As result of a prolonged economic crisis and failings of services, the living standards of the Lebanese population has been experiencing a severe decline.
A series of crises have hit the Lebanese since the start of the new year, the most severe of which was perhaps more electricity rationing in most areas. No less important is the rationing of water and gas necessary for heating for a large part of the Lebanese population.
For the last few days, most areas have been suffering from severe power rationing, especially in the North and Beirut, which propelled a wave of anger among young people in Tripoli and compelled them to break into the electricity company in al-Bahsas amid high security measures. People also demonstrated in front of Electricite du Liban (EDL) in Beirut, the North and the South against the rationing, while others protested to demand that people stop paying their bills until the crisis is resolved.
“I have been going up eight flights of stairs for days now to get to my house because of the power cuts in Beirut” says Inas, while Ali, whose family does not have a backup generator, says his family “has had to rely on candle light for several nights due to the decreased supply of electricity.”
The majority of protesters blame this situation on the Free Patriotic Movement, whose ministers have held the Ministry of Energy and Water for the last decade. Minister of Energy and Water Nada Boustani has justified the rationing by saying that it is a consequence of the failure to unload the fuel tanker ships on the Lebanese coast because of weather conditions.

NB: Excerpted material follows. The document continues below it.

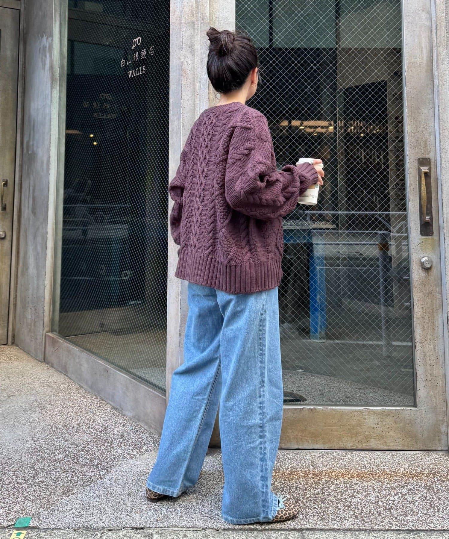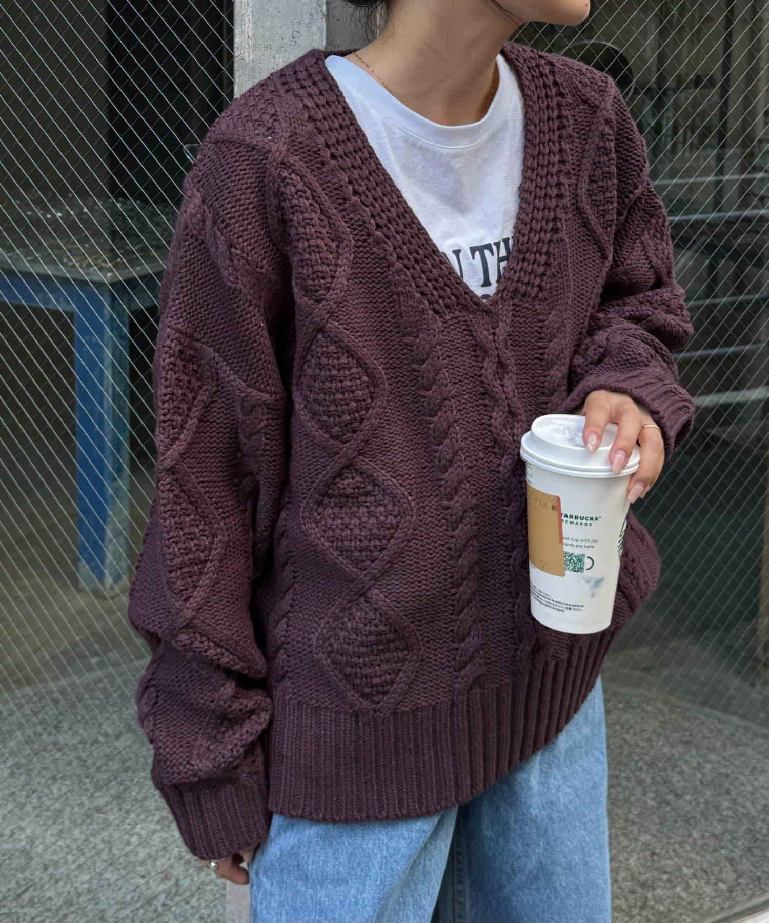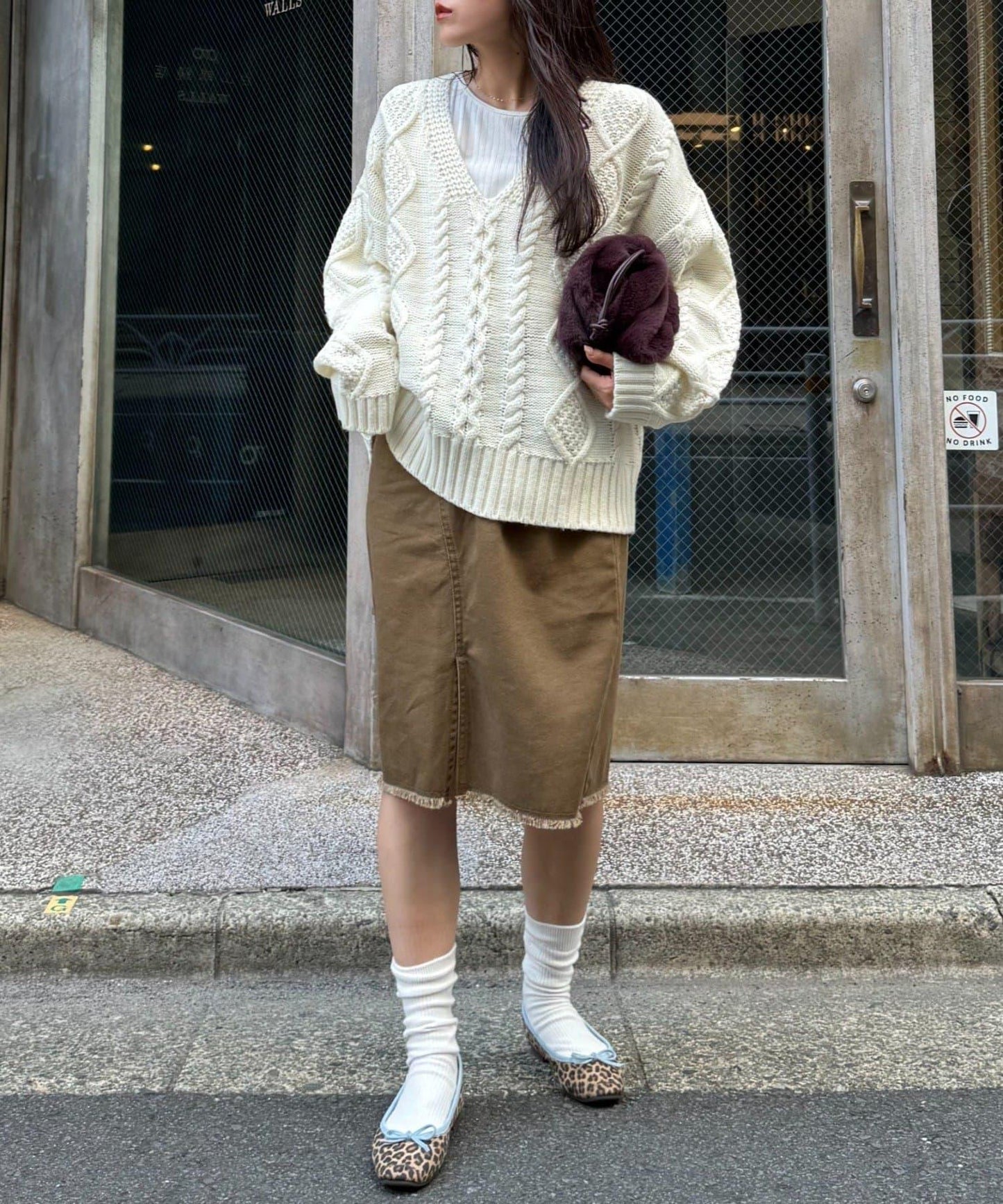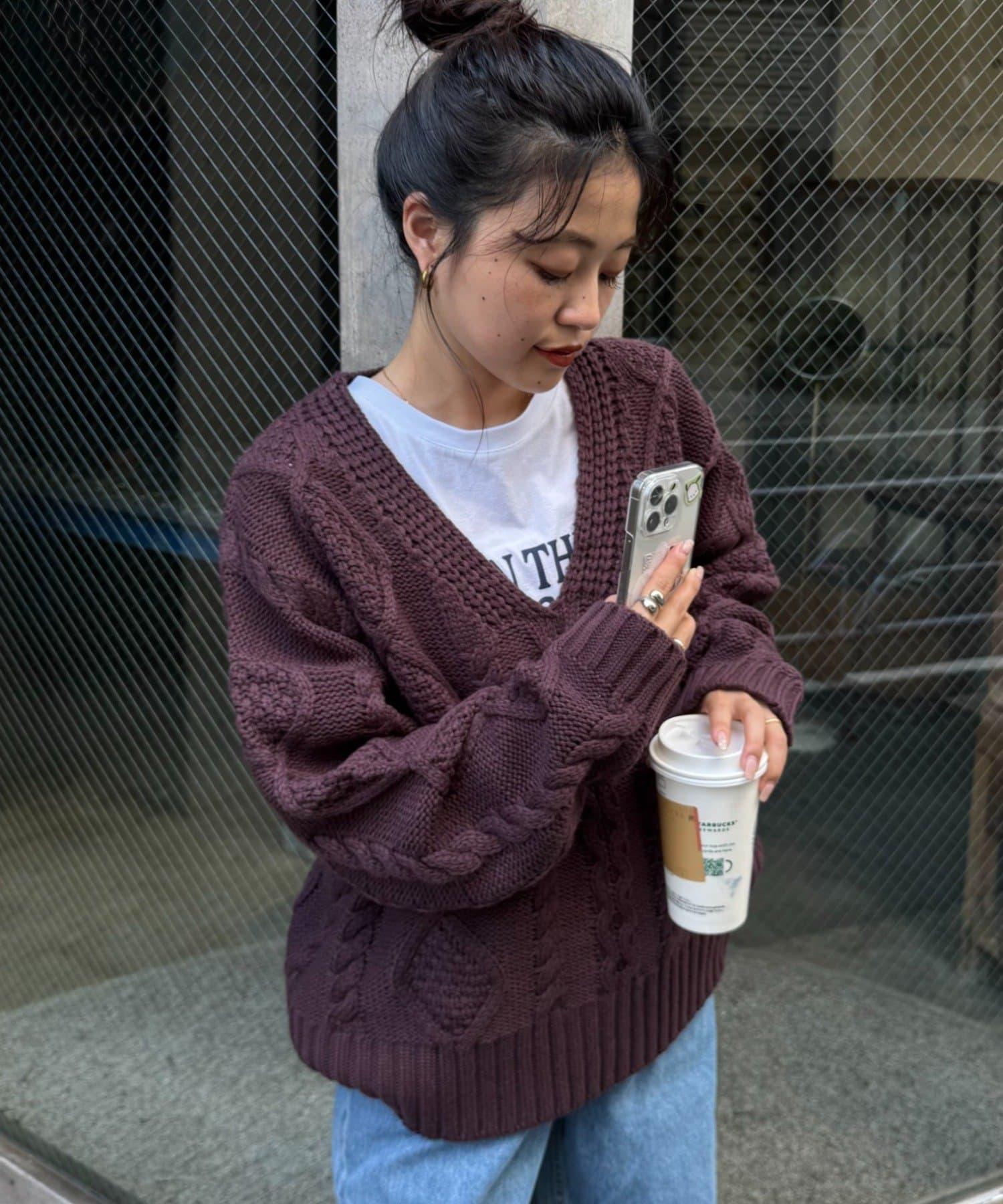 寬鬆的針織衫,搭配可愛的電纜針織。

Boustani promised that the electricity will come back gradually starting Saturday after the tankers are unloaded, pointing out that EDL will be able to supply Administrative Beirut with power between 16 to 21 hours a day until the end of February and for 8 to 10 hours a day outside Beirut. What comes after that, depends on the amount allocated for its supply in the 2020 budget.

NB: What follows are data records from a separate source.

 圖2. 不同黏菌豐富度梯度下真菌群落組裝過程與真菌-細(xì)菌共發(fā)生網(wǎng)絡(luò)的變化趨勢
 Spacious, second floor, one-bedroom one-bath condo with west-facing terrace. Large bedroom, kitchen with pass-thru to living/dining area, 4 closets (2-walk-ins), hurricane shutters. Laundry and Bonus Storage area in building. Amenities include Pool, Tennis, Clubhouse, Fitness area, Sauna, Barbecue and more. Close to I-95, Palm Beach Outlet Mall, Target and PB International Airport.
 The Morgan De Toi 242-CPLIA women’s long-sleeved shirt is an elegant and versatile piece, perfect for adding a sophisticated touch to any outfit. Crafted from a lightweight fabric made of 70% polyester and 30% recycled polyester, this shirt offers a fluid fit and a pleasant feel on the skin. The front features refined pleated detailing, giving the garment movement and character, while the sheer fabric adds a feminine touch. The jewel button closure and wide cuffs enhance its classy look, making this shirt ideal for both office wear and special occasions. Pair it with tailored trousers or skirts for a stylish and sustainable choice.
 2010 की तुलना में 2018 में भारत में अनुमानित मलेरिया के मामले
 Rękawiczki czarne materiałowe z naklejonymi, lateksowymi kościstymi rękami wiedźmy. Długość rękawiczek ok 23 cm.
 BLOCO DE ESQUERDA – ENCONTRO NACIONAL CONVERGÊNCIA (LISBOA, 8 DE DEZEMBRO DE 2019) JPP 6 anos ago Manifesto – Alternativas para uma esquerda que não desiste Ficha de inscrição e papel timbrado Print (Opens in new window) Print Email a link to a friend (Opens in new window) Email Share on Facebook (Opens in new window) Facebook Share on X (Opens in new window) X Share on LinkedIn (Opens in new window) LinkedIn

Ironically, during the winter, while there is a large amount of rainfall, Lebanese people are forced to buy water after the Lebanese water authority cut off water supply to most houses in Beirut. Najwa, a resident in Hamra Beirut, says: “We went without water for five days. It was supplied for a few hours yesterday before it was cut off again.”
The authorities blamed a malfunction in main water pipelines in more than one area in Lebanon.
During this time, a gas crisis is looming. Its signs started to show in the last few days, as the Lebanese rushed to buy gas in Saidon, Nabatieh and surrounding villages. Places that sell and fill up gas were consequently crowded because of the panic, especially since it is vital for heating during the harsh winter.
“Gas companies are rationing gas, they are not providing the market’s demand but only a small portion of it, almost half,” George Constantine, a gas shipping agent in Beirut, told Asharq Al-Awsat
“The rationing began one week before the end of 2019 due to delays in the arrival of gas tanker ships”.
Tensions between gas companies and distributors are high, leading to reduced numbers of wholesale gas containers as the gas companies want to increase their profit.
The challenges faced by the Lebanese people are exacerbated by the day due to the high cost of living, especially the massive hike in prices for consumer goods.
According to the head of the Consumer Association, Zuhair Berro, the majority of goods saw a 100 percent increase in prices due to the monetary crisis.
Berro points out that “the steepest rise in prices is on food commodities” and “even subsidized commodities, i.e. medicine, fuel and flour, which have also increased because these sectors are monopolized by cartels.”
He noted that according to the World Bank, the price of goods in Lebanon is 30 percent higher than any country in the region.
In this context, Mohamed Shams El-Din, a researcher in International Information, revealed that 55 percent of the Lebanese people live below the poverty line, and a quarter of the Lebanese people earn an income that does not suffice to provide them with food and 30 percent have an income that suffices for food without allowing them to meet other needs, such as hospitalization.